PROMPT: Exactly as written, reproduce the lines from the beginning of the data through the line containing "Bhagavad Gita, wisdom"; the pictures are not reproduced.

RECORDED INFORMATION:

- - - - -

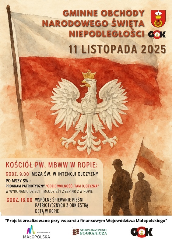 Drukuj Powrót do poprzedniej strony Zaproszenie na obchody Święta Niepodległości 06.11.2025 12:07 Treść Projekt zrealizowano przy wsparciu finansowym Województwa Małopolskiego
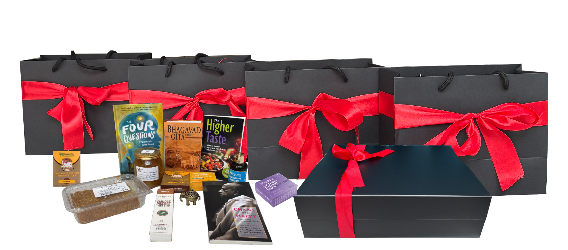 Bhagavad Gita, wisdom books, hand curated set of cow byproduct based toiletries and incense packs are specially selected to give you a herbal treat that's not only good for the skin but also soothes the mind and surcharge a place with spiritual energy. Your purchase of the cow byproduct items will also help support upkeep and care of cows and bulls in their old age, giving them a safe, loving home.
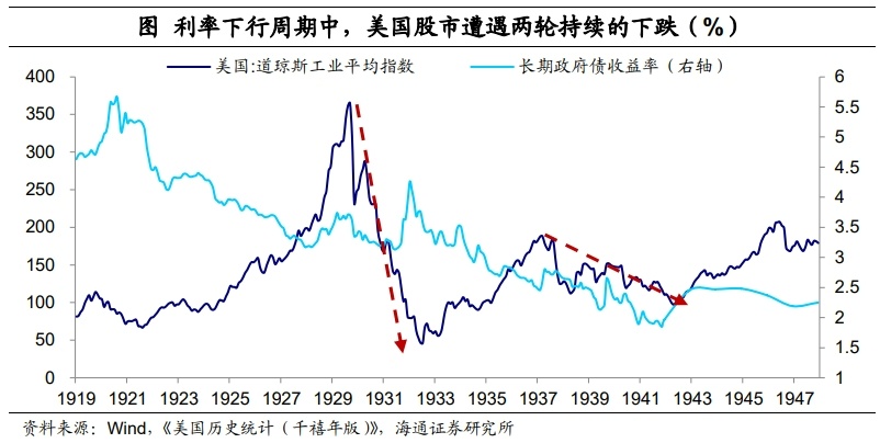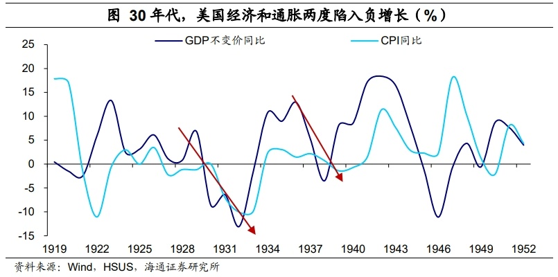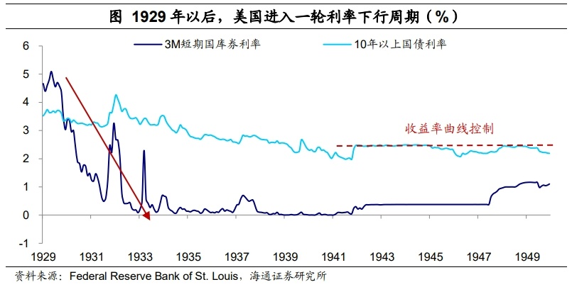 对于美国,除了08年之后的低利率时代,上世纪30年代美国也经历了一波低利率周期。参考短期国库券利率,当时利率高点出现在1929年(5.1%),而后到1933年已降至0.5%以下,并一直保持到1947年。相比于2008年以后的低利率周期(2014年Taper开始),持续时间明显长得多;期间美国还经历了严重的经济衰退和通货紧缩。
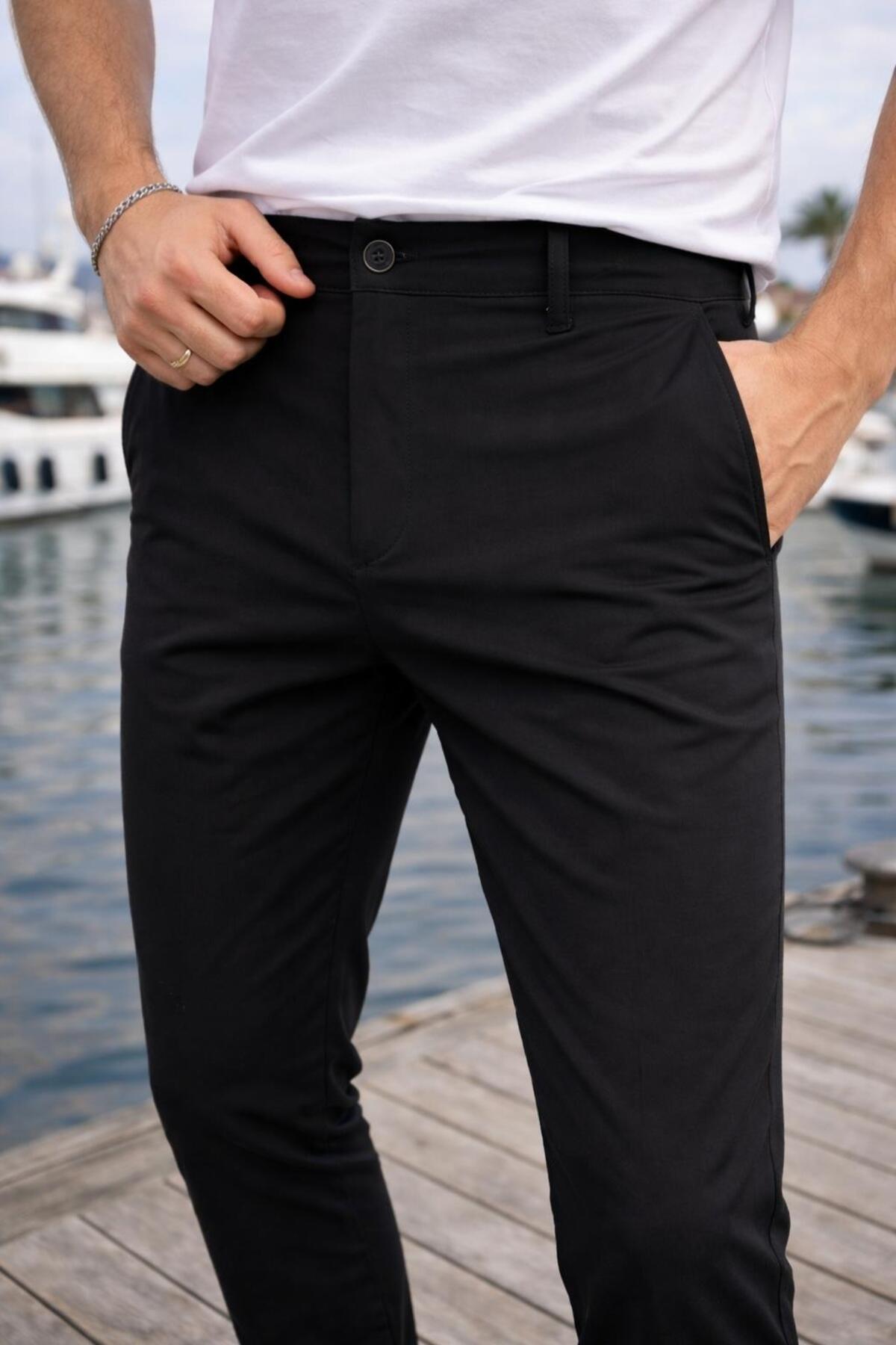 Valiberta Parachute Fabric Regular Fit Button Zippered Flat Leg Casual Men's Pants - Black | ByTR

- - - - -

SOLUTION FOR THIS EXERCISE:
 Drukuj Powrót do poprzedniej strony Zaproszenie na obchody Święta Niepodległości 06.11.2025 12:07 Treść Projekt zrealizowano przy wsparciu finansowym Województwa Małopolskiego
 Bhagavad Gita, wisdom books, hand curated set of cow byproduct based toiletries and incense packs are specially selected to give you a herbal treat that's not only good for the skin but also soothes the mind and surcharge a place with spiritual energy. Your purchase of the cow byproduct items will also help support upkeep and care of cows and bulls in their old age, giving them a safe, loving home.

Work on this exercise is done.